Re: [HACKERS] gsoc, oprrest function for text search take 2

2008-08-14 Thread Alvaro Herrera
Jan Urbański wrote:
 Heikki Linnakangas wrote:

 Sounds like a plan. In (2), it's even better to detoast the values  
 lazily. For a typical one-word tsquery, the binary search will only 
 look at a small portion of the elements.

 Hm, how can I do that? Toast is still a bit black magic to me... Do you  
 mean I should stick to having Datums in TextFreq?

Store both the Datum and the text *.  If the latter is NULL, then grab
the datum, detoast and store the result in the text *.  Next time you
need to look at it, it's already detoasted.

I don't know the code so I have no idea if this is applicable.

-- 
Alvaro Herrerahttp://www.CommandPrompt.com/
The PostgreSQL Company - Command Prompt, Inc.

-- 
Sent via pgsql-hackers mailing list (pgsql-hackers@postgresql.org)
To make changes to your subscription:
http://www.postgresql.org/mailpref/pgsql-hackers


Re: [HACKERS] gsoc, oprrest function for text search take 2

2008-08-14 Thread Jan Urbański

Alvaro Herrera wrote:

Jan Urbański wrote:

Heikki Linnakangas wrote:


Sounds like a plan. In (2), it's even better to detoast the values  
lazily. For a typical one-word tsquery, the binary search will only 
look at a small portion of the elements.
Hm, how can I do that? Toast is still a bit black magic to me... Do you  
mean I should stick to having Datums in TextFreq?
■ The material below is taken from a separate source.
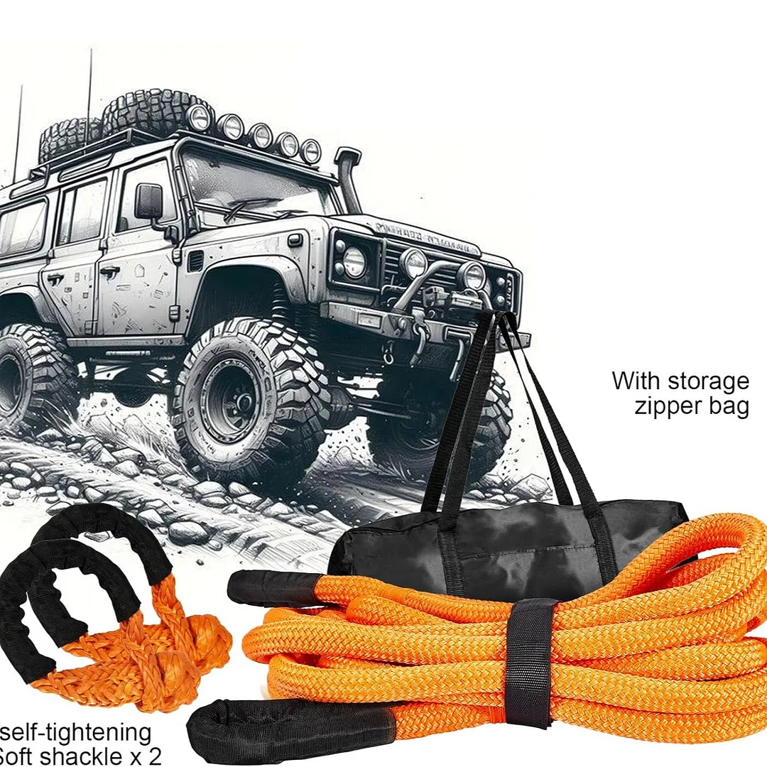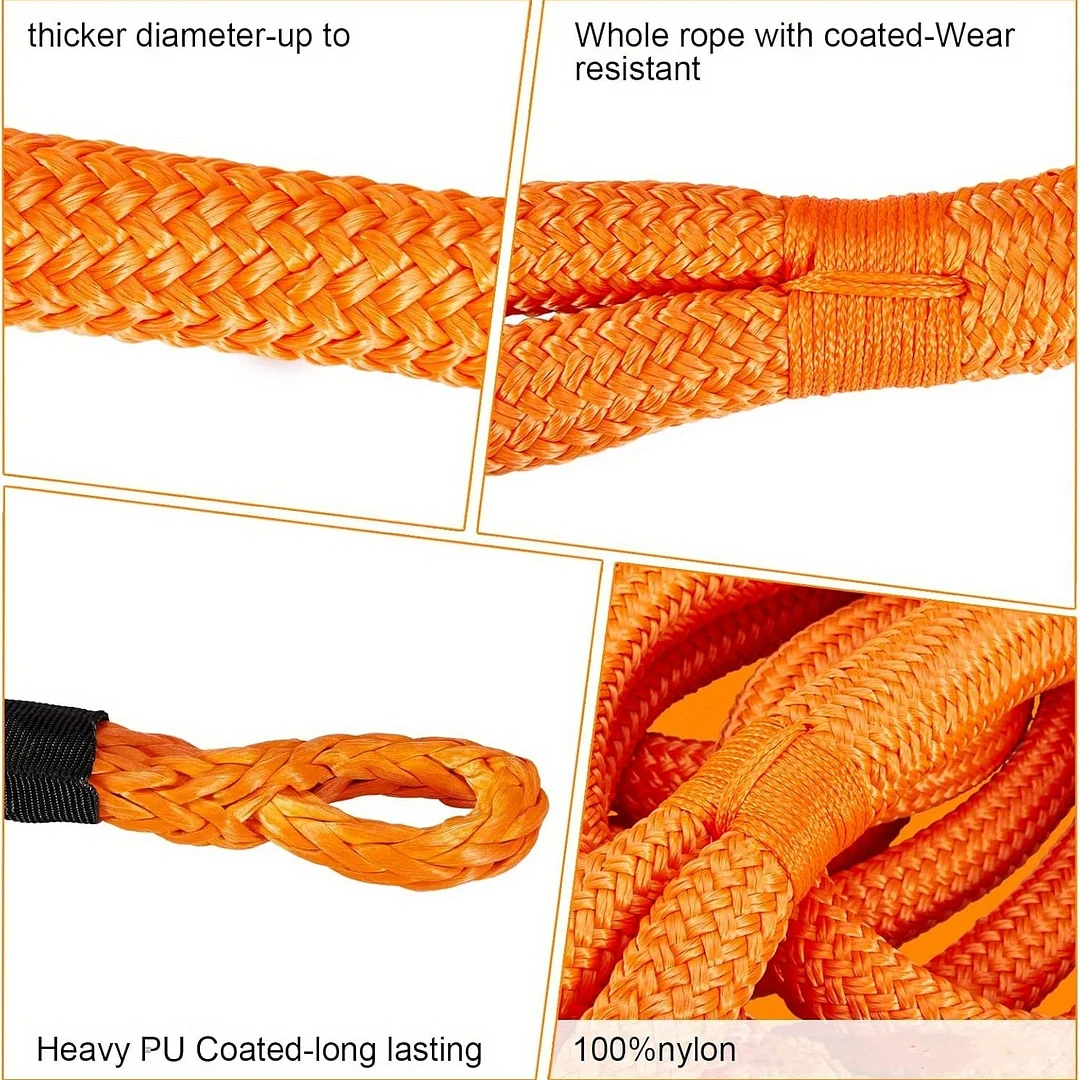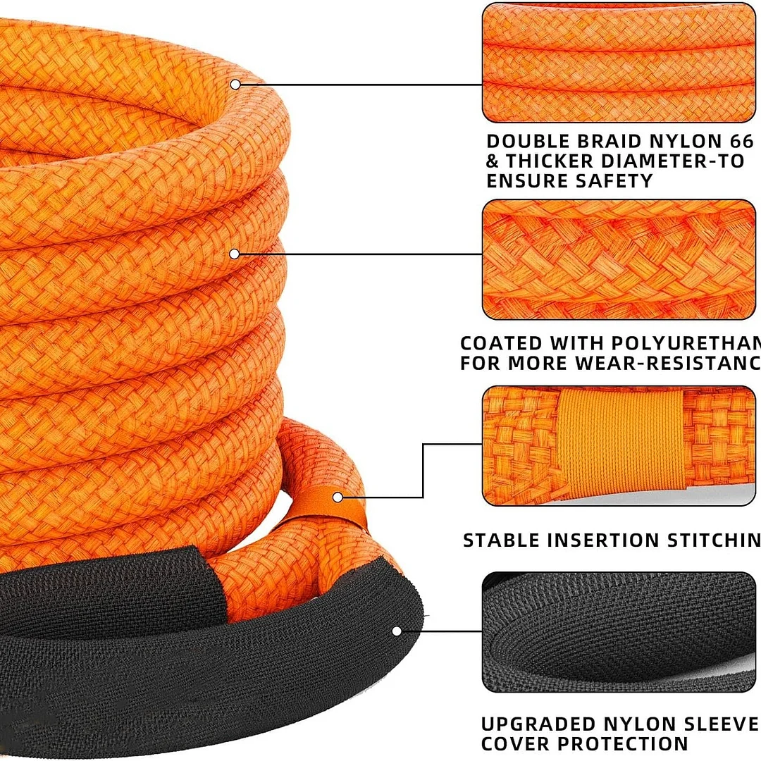 Kinetic snatching: Length: 30ft/9M. Diameter: 1.5in/38mm. Color: High-Visible Orange for clear visibility and safer recovery. Made of 100% Nylon N66, the Kinetic Rope acts like a rubber band with over 30% elasticity. By storing and releasing kinetic energy, it helps you get unstuck easily and is less likely to cause vehicle frame damage compared to normal tow straps.

Store both the Datum and the text *.  If the latter is NULL, then grab
the datum, detoast and store the result in the text *.  Next time you
need to look at it, it's already detoasted.


Yeah, I got that idea, but then I thought the chances of touching the 
same element during binary search twice were very small. Especially now 
when the detoasting occurs only when we hit a text Datum that has the 
same length as the sought lexeme.

Still, I can do it if people feel like it.

Cheers,
Jan

--
Jan Urbanski
GPG key ID: E583D7D2

ouden estin


--
Sent via pgsql-hackers mailing list (pgsql-hackers@postgresql.org)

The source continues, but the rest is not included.